Example: Summing an array

```  1	main()
2	{
3	  int nums[4] = {1, 45, -16, 23, 62}
4	  int n = 5;		/* number of elems in array */
5	  register int i;	/* for index */
6	  register int sum = 0;	/* holds the sum */
7
8       for (i=0; i < n; i++)
9       {
10         sum = sum + nums[i];
11       }
12  }
```
This code translates to:
```	/* local variables */
nums_s = -20
n_s = -24

/* i is in %l0;  sum is in %l1 */

.global	main
main:	save	%sp, -88, %sp

/* line 3 initialization */
mov	1, %o0
st	%o0, [%fp + nums_s]

mov	45, %o0
st	%o0, [%fp + nums_s + 4]

mov	-16, %o0
st	%o0, [%fp + nums_s + 8]

mov	23, %o0
st	%o0, [%fp + nums_s + 12]

mov	62, %o0
st	%o0, [%fp + nums_s + 16]

/* line 4 initialization */
mov 	5, %o0
st	%o0, [%fp + n_s]

/* line 6 initialization */
mov	0, %l1

/* line 8; top of for loop */
ba	fortest
mov	0, %l0
for:
/* line 10; body of the for loop */
sll	%l0, 2, %o0			! %o0 = i * 4
add	%fp, %o0, %o0			! %o0 = %fp + i * 4
ld	[%o0 + nums_s], %o0		! %o0 = nums[i]
add	%o0, %l1, %l1			! sum = sum + nums[i]

/* line 11; bottom of the for loop */
add	1, %l0, %l0			! i++;
fortest:
ld	[%fp + n_s], %o0		! %o0 = n
cmp	%l0, %o0			! is (i < n)?
bl 	for
nop

/* line 12; end of program */
mov	1, %g1
ta	 0
```

## Pointer and Address arithmetic

Consider the following C declarations:
```	int   a[20];
char  b[20];
short c[20];
```
Let's say these are the only declarations in a subroutine, and the value of `%fp` is 1000. What are the addresses of `a[0], b[0],` and `c[0]`?

First, we allocate the items in order. `a` takes 80 bytes, so its address is 1000-80 = 920. `b` takes 20 bytes, so its address is 920 - 20 = 900. `c` takes 40 bytes, so its address is 900 - 40 = 860.

Now, what are the values of:

```	&(a[3])	 = 920 + 3 *  4 = 932
&(b[10]) = 900 + 10 * 1 = 910
&(c[5])  = 860 + 5 *  2 = 870
```
So, as before, we multiply the index by the base item size and add it to the array start.

Since this operation is so common, the C language has it built in. Say we added these declarations.

```  int   *a_ptr = a;
char  *b_ptr = b;
short *c_ptr = c;
```
Now, each one points at the first element of its array. So
```  a_ptr = 920,
b_ptr = 900,
c_ptr = 860.
```
That is, `*a_ptr = a[0]`. To get the second element of the array, no matter what sizethe base item is, just increment the pointer:
```  a_ptr++;
b_ptr++;
c_ptr++;
```
Now `*a_ptr = a[1], *b_ptr = b[1], *c_ptr = c[1]`. Which means that
```  a_ptr = 924,
b_ptr = 901,
c_ptr = 862.
```
Notice that they have been increased by different amounts, depending on the size of each variable in bytes.

So what is the difference between `a` and `a_ptr`? When using them as names for data, nothing. You can refer to `a_ptr[20]` just as properly as referring to `a[20]`. However, there is a difference between `a` and `a_ptr`. For `a`, the space has been allocated on the stack by the compiler.
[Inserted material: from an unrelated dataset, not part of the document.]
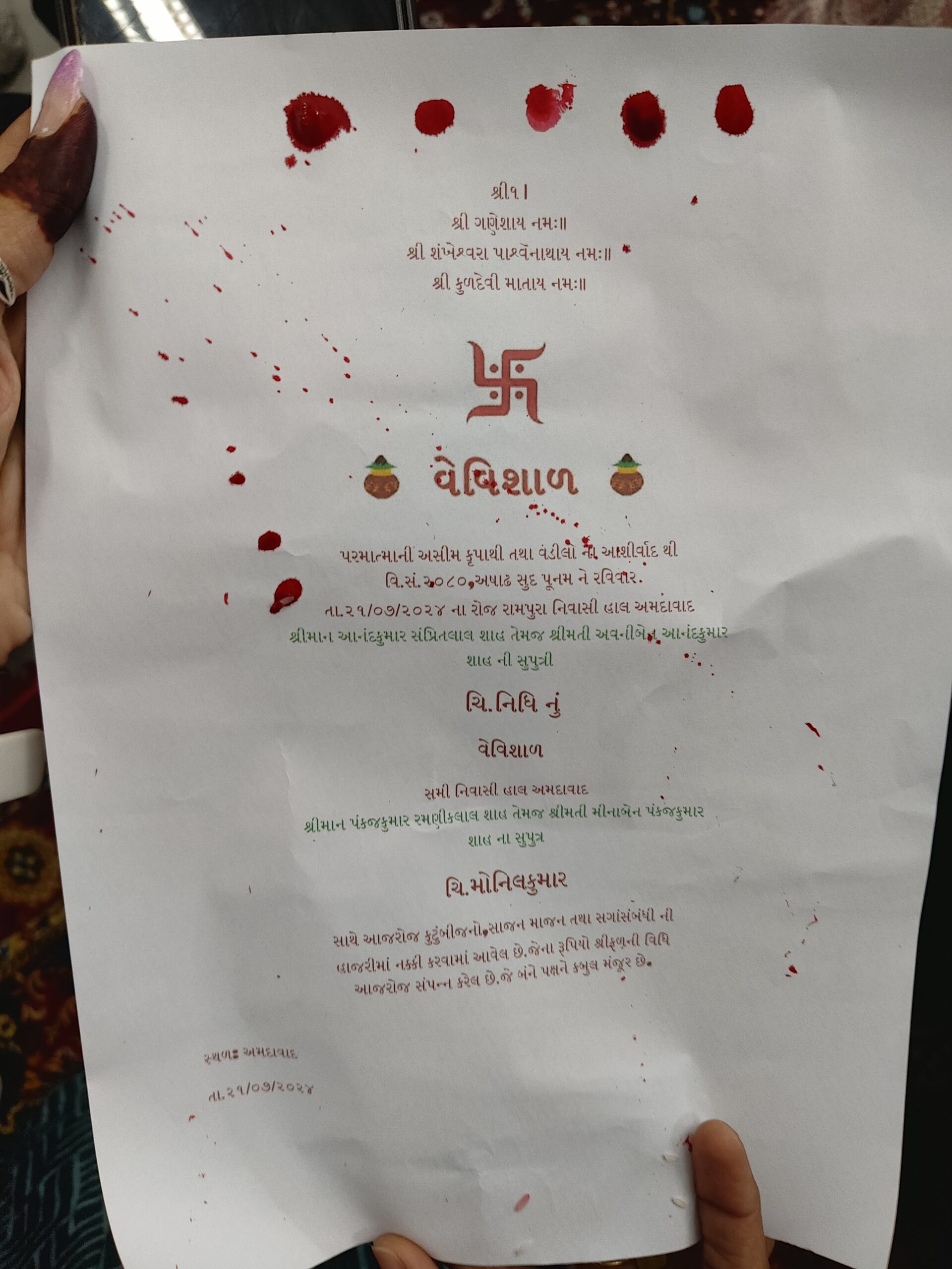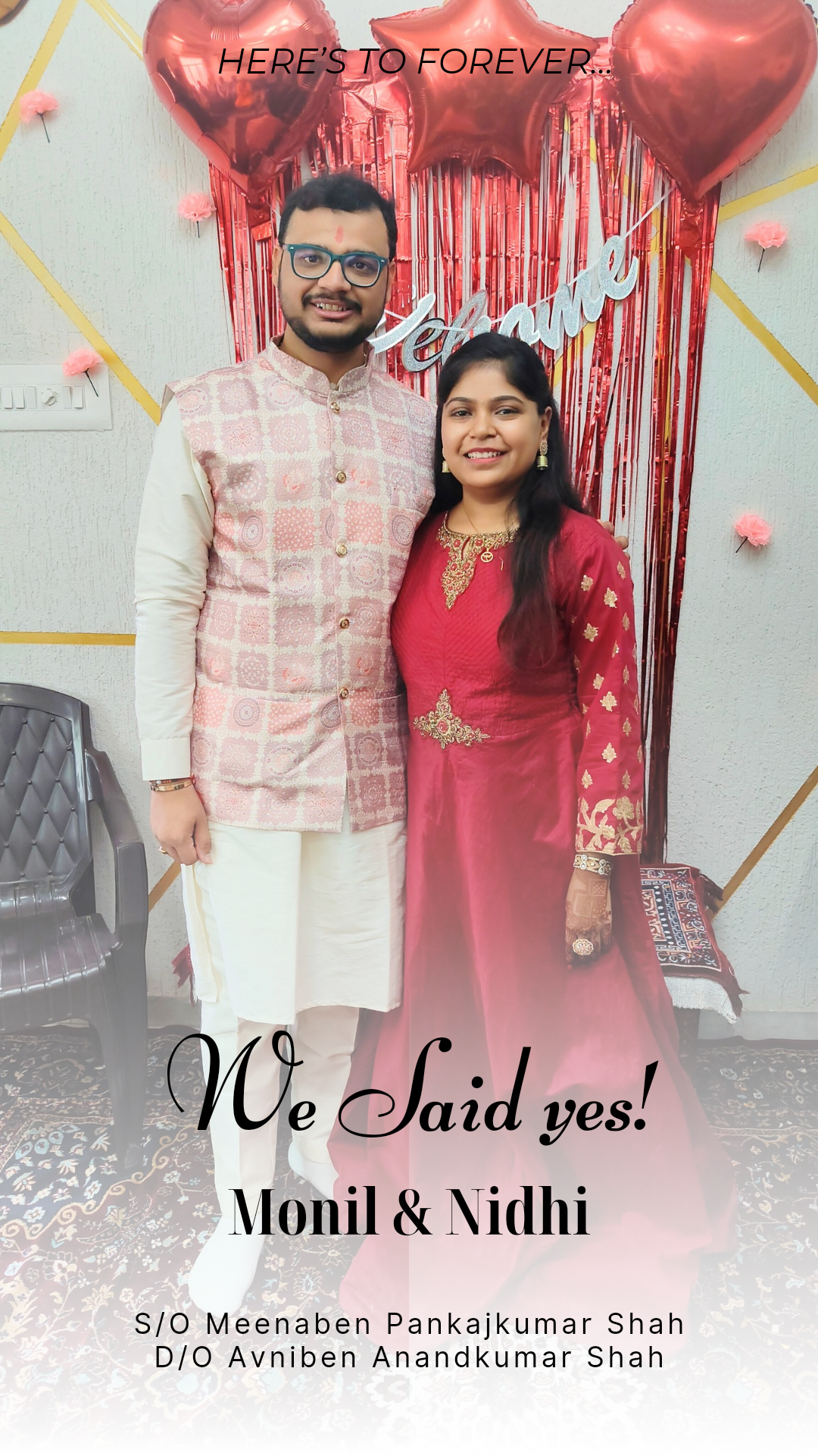 With great joy and excitement, the Pankajkumar Ramanlal Shah Family and Anandbhai Sampritlal Shah Family came together to celebrate Monil & Nidhiโs Gol-Dhana ceremony.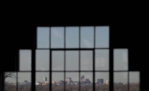 Downtown Wichita, KS can be seen through the windows of the Kansas Aviation Museum. The land and buildings that now make up the Museum was the location of Wichita’s original airport. It was all around this area of south east Wichita that the aviation industry grew up many decades ago.

For `a_ptr`, no space has been allocated -- it is up to the programmer to make sure that `a_ptr` points to a valid piece of memory. If we need to create more space for the pointer to point to during the course of execution of the program, we need to make use of functions like new and malloc to create the space. But is that space on the stack? Well, the answer is no. The space gets allocated on the heap.